2017年6月22日木曜日

ウィリアム・モリスミュージアム(William Morris Gallery) 1950 ★★★



丸二日におよぶエクスターナル・イグザミナー(External Examination)の責務を終えて、重圧から解放されやっと本格的にロンドンを楽しむことができる日がやってくる。昨年、V&Aを訪れて依頼、日本に帰って妻が購入した「大人の塗り絵」はウィリアム・モリス(William Morris) の壁紙のもの。すっかりお気に入りになった模様で、それならばと足を運んだのがロンドンの郊外、東北方向のウォルサムストウ(Walthamstow)に位置するウィリアム・モリスミュージアム(William Morris Gallery) 。

ここはウィリアム・モリス(William Morris) がその幼少期、家族とともに過ごした家をモリスの生涯の功績が分かるように美術館として公開している場所である。1834年生まれのもリスであるから、正確に言うと14歳(1848)から22歳(1856)まで過ごしたというから、大人へと成長する多感な時期を自然に囲まれたこの場所で過ごしたという訳である。

さて、ウィリアム・モリスといえば、日本でも広く知られ、アーツ・アンド・クラフツ運動の主導者としても有名である。裕福な家庭の子息として生まれ、オックスフォード大学で聖職者となるべく勉学に励む。しかし時代は18世紀に始まった産業革命の影響が、社会の隅々まで広がりつつある時代。
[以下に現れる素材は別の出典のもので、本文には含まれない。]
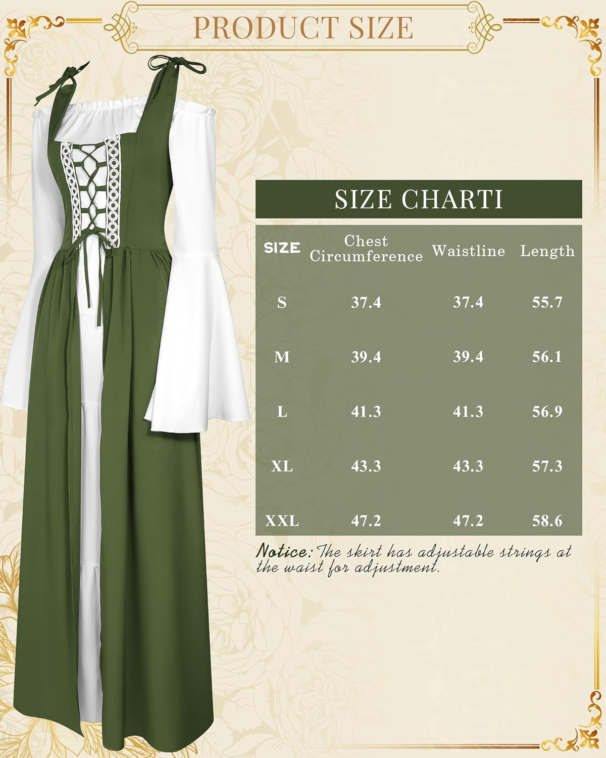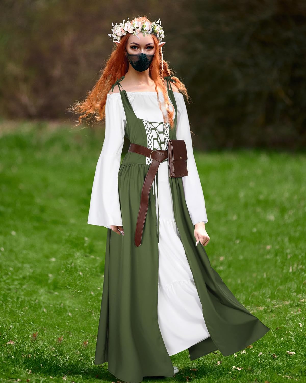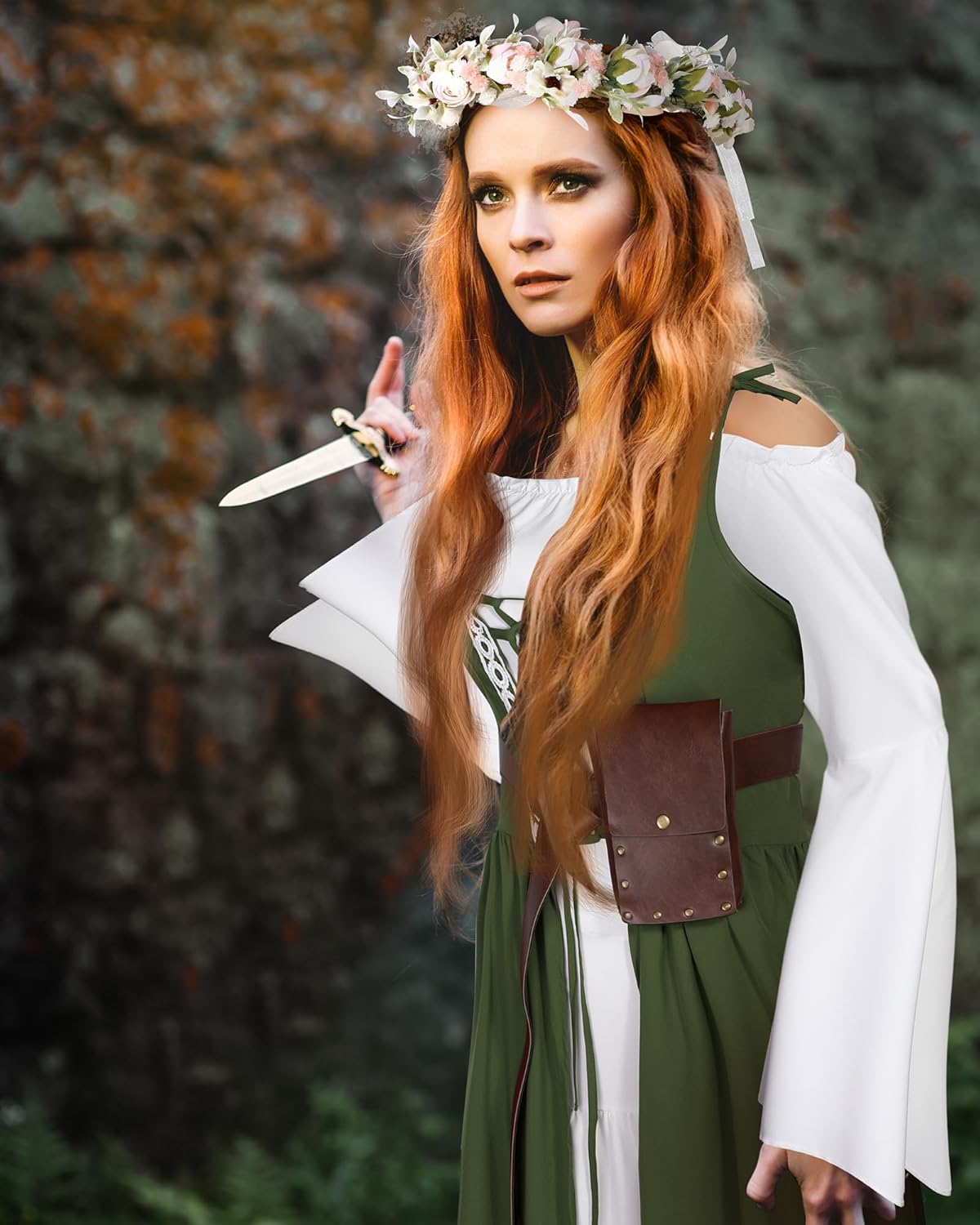 | Included Components | 1 Pair of elf ears, 1 x Belt, 1 x Floral garland, 1 x Waist bag, 1 x Women renaissance dress |

膨大な父親からの遺産を手に入れ、その資金で友人とフランスなど様々な場所を見てまわるなかで、聖職者ではなく、芸術家としての道を目指すようになっていく。

「建築の七燈」の著者であるジョン・ラスキン(John Ruskin)に多大な影響を受け、建築家への道に進み、入所した事務所で生涯の友となるフィリップ・ウェッブ(Philip Webb)と出会い、ウェッブが設計したレッド・ハウス(Red House)で生活をはじめる。

産業革命の影響で、人の手の痕跡が消された工場で大量に生産される商品が溢れるロンドンの日常を嘆き、職人の職場からモノをつくる喜びは手仕事のへの敬意も失われつつある現状をどうにか食い止めたいという思いで、より広い意味で美しいデザインを社会に提供する為にと、自ら出資者として

ヴィクトリア朝のイギリスでは産業革命の成果により工場で大量生産された商品があふれるようになった。反面、かつての職人はプロレタリアートになり、労働の喜びや手仕事の美しさも失われてしまったモリス・マーシャル・フォークナー商会を設立し、家具やステンドグラスを中心に商品を提供するようになる。
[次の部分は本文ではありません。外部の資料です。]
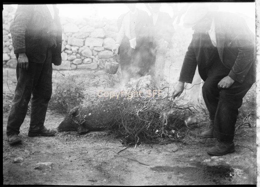 Lavori contadini - Pelatura del maiale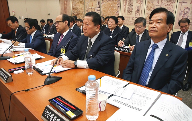 14일 오후, 서울 여의도 국회에서 열린 교육문화관광체육위원회 국정감사에 증인으로 이창섭 국민체육공단 이사장, 이병건 사행산업통합감독위원장, 김정행 대한체육회장, 서상기 국민생활체육회장(사진 왼쪽부터)이 출석해 있다.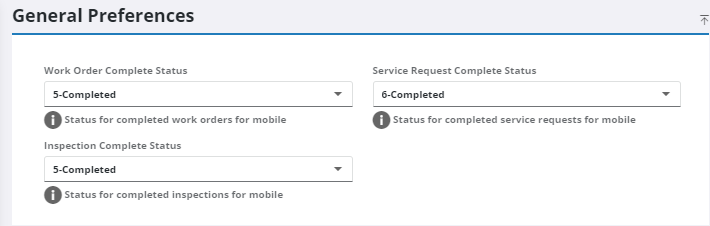 - In the Work Order Complete Status field, select a status to set work orders to when they are completed in the mobile apps.

しかし、拘りの強い人間であればあるほど、初めはいいが、徐々に仲間との間に亀裂が入り、モリス・マーシャル・フォークナー商会を解散し、自分一人の信念を貫徹できるようにと、自らモリス商会(Morris & Co.)を設立する。

日本の民藝運動を起こした柳宗悦(やなぎむねよし、そうえつ)が1889年生まれで、北大路魯山人(きたおおじ ろさんじん)が1883年生まれということで、モリスの起こしたアーツ・アンド・クラフツ運動、手仕事の美しさへの再評価が50年の時間を越えて、何かしらの影響を日本にもたらしたのは間違いなく、その功績は非常に大きい。

実業家として成功したモリスは、生活に芸術を浸透させるために、社会を変えることが必要だということで、50歳前後から徐々にマルクス主義へと傾倒していき、社会主義同盟を結成し、前後して本格的にアーツ・アンド・クラフツ運動を世に広めていくことになる。
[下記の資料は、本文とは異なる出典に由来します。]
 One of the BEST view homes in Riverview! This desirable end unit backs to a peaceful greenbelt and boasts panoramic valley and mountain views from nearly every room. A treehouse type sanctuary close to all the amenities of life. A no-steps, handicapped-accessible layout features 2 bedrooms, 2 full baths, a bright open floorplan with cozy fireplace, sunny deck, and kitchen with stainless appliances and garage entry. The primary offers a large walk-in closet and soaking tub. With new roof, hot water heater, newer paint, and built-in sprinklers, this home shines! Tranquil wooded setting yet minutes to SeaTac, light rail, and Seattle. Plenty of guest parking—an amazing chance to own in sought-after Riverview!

ロンドン中心に位置する百貨店・リバティ。その創業者であるアーサー・リバティはモリスと同年代に生まれ、その活動を深く支持した一人でもあった。その為にリバティを代表するリバティプリントの多くには、モリス商会のデザインが採用されている訳である。

それに限らず、イギリス国内で時間を過ごしていると、街の様々な場所で、生活の様々な場面でモリス柄に出会うことになる。それほど、深く社会に受け入れられ、本当の意味で芸術を生活の中に浸透することに成功した偉大な社会芸術家であるモリス。

その生涯の活動と信条を丁寧に、そして実物とともにじっくりを理解することができる展示が、人生の各年代ごとに分けられ展開する。一階一部には、後ろに広がる広大なLloyd Parkに面した気持ちのいいテラスを持つカフェが併設されており、そこでゆっくりとイングリッシュ・ティーを頂くのもまた気持ちがいいものである。